Бывало, я увлекался (иной раз зарывался), своевольничал, резал чужую рукопись, дописывал, как свое. И так я верил в мою правоту, настолько не сомневался в благодетельности моих урезаний и привнесений, что не запомнил ни одного сколько-нибудь решительного супротивничества моему редакторскому произволу.

Я правил чужие рукописи по долгу службы, из денег и еще из какой-то особой потребности в литературном труде, как бывает потребность во всяком труде, который умеешь делать. Неделание, неучастие укладывало на лопатки, надо было сдаваться — хлопком по ковру, как во времена моих борцовских схваток (укладывали, сдавался, хлопал).
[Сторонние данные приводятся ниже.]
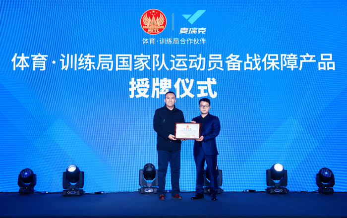 在此次发布会上,国家体育总局训练局副局长孙晓晔为麦瑞克颁发“体育·训练局合作伙伴”证书,举行授牌仪式,同时,国家体育总局训练局事业发展处处长陆煜授予麦瑞克“国家队运动员备战保障产品”。此外,国家体育总局训练局体能康复中心主任张璐与罗卫波共同为“麦瑞克-国家体育总局训练局健康运动联合研发中心”进行揭牌,并宣布,麦瑞克产品将正式入驻训练局体能康复中心,并推出联名产品。

Всегда на моем столе или на полке лежала (и ныне лежит) чья-нибудь папка с заключенным в ней многостраничным текстом — первым опытом или итогом всей жизни. Иногда первый опыт и продиктован итогом. Понятно, что каждая такая папка вылеживается до крайности: прочтение ее откладывается в силу того или сего — своего... Авторы ждут; их терпеливость прямо пропорциональна их возрасту. Молодые выказывают нетерпение, старые не торопят, никогда не пеняют. Хотя времени у старых в обрез.
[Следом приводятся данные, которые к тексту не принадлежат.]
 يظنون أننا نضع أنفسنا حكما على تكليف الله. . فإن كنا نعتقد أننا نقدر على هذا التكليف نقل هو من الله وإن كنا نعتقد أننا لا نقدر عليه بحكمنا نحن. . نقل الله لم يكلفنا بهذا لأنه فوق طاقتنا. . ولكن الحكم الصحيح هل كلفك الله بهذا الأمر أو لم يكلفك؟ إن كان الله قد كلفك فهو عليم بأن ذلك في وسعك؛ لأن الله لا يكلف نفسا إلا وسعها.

Так однажды ко мне попала большая, величиною в целую жизнь (автору было порядком за восемьдесят), воспоминательная и в то же время живо-изобразительная рукопись Евгения Николаевича Фрейберга «От Балтики до Тихого...».

Собственно, здесь начинается то самое, ради чего я затеял рассказ: никак не предвидимое свойство чужих рукописей воздействовать на того, кто взялся их прочесть и, тем более, приложить к ним руку, самым неожиданным, иной раз даже роковым образом. О! Рукописи не только не горят, они взыскуют, требуют, совлекают тебя с натоптанной тобою дорожки, насмехаются, повергают в печали. Рукописи покорны, безответны, но после могут вдруг отозваться уколом в сердце, как неоплаченные долги. Раскрыть чужую рукопись, погрузиться в нее, приложить к ней руку все равно, что раскупорить старую бутыль с неведомым зельем и пригубить...

Итак, Евгению Николаевичу Фрейбергу за восемьдесят... Ему все время было за восемьдесят, как мы познакомились с ним, потом незаметно стало за девяносто и продолжалось недолго...

Из лекарственных средств Фрейберг употреблял сушеную морскую капусту ламинарию, как известно (написано на упаковке), предохраняющую от атеросклероза. Память Фрейберга не имела заметных прорех, его атеросклероз не высовывался наружу, как у некоторых (и со мною бывает). Старик был опрятен, постоянно внутренне собран, благожелателен. Кожа его имела смугловатый оттенок вечной загорелости, обветренности, изборожденность дубовой коры и еще пергаментный матовый румянец. Его глаза глядели ясномудро и отдаленно, как глаза трехсотлетней черепахи.

Чаще всего я видел Евгения Николаевича в сине-порыжелом кителе, на улице — в черной шинели, тронутой ржавчиной, в мичманке или, может быть, капитанке, совершенно утратившей каркас, тулью, но сохранившей козырек. О своих одежках-ровесницах Евгений Николаевич отзывался ласково-иронически: «времен гражданской войны».